I’m following a tutorial from a course on Blender + AE for compositing 3D objects into a scene. The problem comes when I get to the point of bringing in the exr sequence that I create in Blender to AE. I rendered all the objects from Blender with the exact passes that were shown in the tutorial. I synchronized the EXR multilayer sequence to match the AE composition settings for color and frame rate.
I tried both introducing a different layer for every pass, as well as doing it with a combined pass + shadow catcher + AO. However, you can see that the result renders in the viewport only until the 4th frame and then disappears, plus the 3d objects don’t have the proper color. If I use the option with the combined pass and nothing else, I can preview beyond the 4th frame, but all 3D objects disappear, besides the chairs that turn kind of purple. The moment I introduce any other pass, I get a black screen beyond the 4th frame. I set the pass layers a few times just as the guy in the course, to make sure I’m not making a mistake, but it’s all the same. Maybe the problem lies somewhere else, but I can’t locate it, as I’m not advanced in this. If someone has experience with extracting passes into AE, I’d be grateful for some tips. Here’s a screen recording that will let you see the situation:
I downloaded DJV, but I guess it plays the EXR Multilayer sequence fine there (although darker that it should be). I however, thought that the footage and the rendered animation are in the same frame rate, but the footage was 25, while the render from Blender was 24. I interpreted the footage to be 25 too, plus I also set the AE timeline to start from the 1st frame, rather than 0, since Blender starts from 1 usually. Still, as you can see from the new screen rec, it’s still the same. Is it possible that the problem lies in the Blender render settings?
Yesterday when I opened Blender to take a look again, I noticed that in the View Layer section, the Light passes for diffuse and gloss weren’t checked, but as you can see from the video, I have all the passes in the Extractor tool in AE, so I guess I must have checked them when I was rendering originally. But even if they hadn’t been checked, I still had that Combined pass, so I should be good, right? So maybe the problem lies somewhere else.
I’ve seen these tutorials as well. He basically does the same thing. The only difference is that he renders passes for the castle (his 3d object in his example) separately than the passes for the background where his shadow catcher (i guess it wasn’t called a shadow catcher back when he was making the tutorial). He also had the passes for Transmission checked. I, on the other hand, didn’t check any transmission passes, plus I rendered passes on the entire scene collection (rather then separate collections) as you can see from my screenshot in the upper right corner, next to the view layer dropdown option.

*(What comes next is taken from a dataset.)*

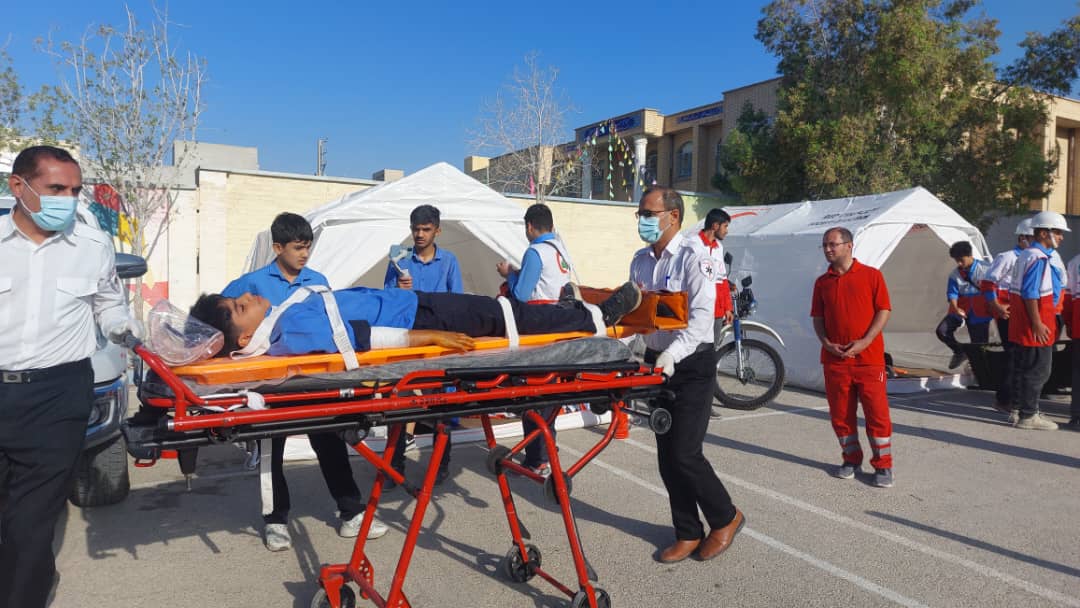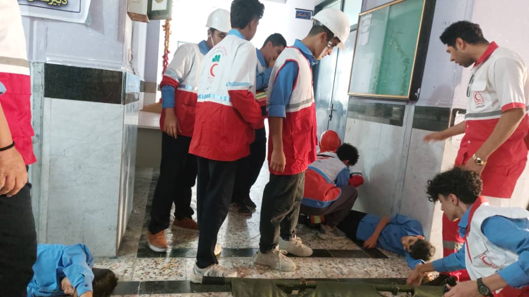 رزمایش پدافند غیرعامل با حضور فرماندار و مسئولان شهرستان کنگان در مدرسه شهید پرهیزکار برگزار شد

I’ve read your posts, and watched the two videos - but to be honest, I cannot easily follow along in the vid and determine what you’re clicking on (or pointing at) when and why. Some voice recording narration of “I’m doing this, and expecting that” would greatly help.
But I will offer a small bit of advice - though blender defaults to rendering on Frame 1, you don’t have to start on 1 (I don’t.). I always render starting on Frame 0, which is what I’ve always been used to when doing 3D+AE.
(As opposed to “make AE start on 1”; if/when you start adding other elements, now you have to also verify the proper start for everything else… and starting thinking of “ok, this footage is F Zero, but the rest is F One.”
I apologize but I didn’t notice that when using the windows 10 screen recorder, the recording doesn’t capture windows that are visible after a RMB click. So I made another recording through a browser extension, along with a voice over explaining what I did and hoped to have as a result. I hope this gives a better idea of my problem:
I did the composite object coloring straight in Blender. But now when I add the mist pass, a specific part of the house becomes brighter. It outlines the wall plane I created to use as a 2nd shadow catcher for the walls. What setting do I need to change to make the walls shadow catcher plane get the same brightness and colorization as the rest of the scene elements after applying the mist pass? Fixing that at least, would be some sort of a victory after all this.
By the way, I tried to export an 8 frame test to a png sequence, rather than exr multilayer, and it runs ok in AE, though I don’t have such control for changing different passes. It still export the mist in this screwed up way though…
I guess these cases are not going to be solved for now. Thank you for taking the time to try help me though.
I finally was able to figure a solution that worked for me. I unchecked the use nodes box in the compositing tab before render, plus I also rendered the Transmission passes. If someone in the future ends up in this ridiculous situation as me - this may help.
The problem is that you didn’t print some of the passes.
※ Composing’s use nodes check does not affect rendering.
Attached is a reference for node configuration.
It’s an older version of the video because it’s hard to find the latest version of the video. The node configuration is the same.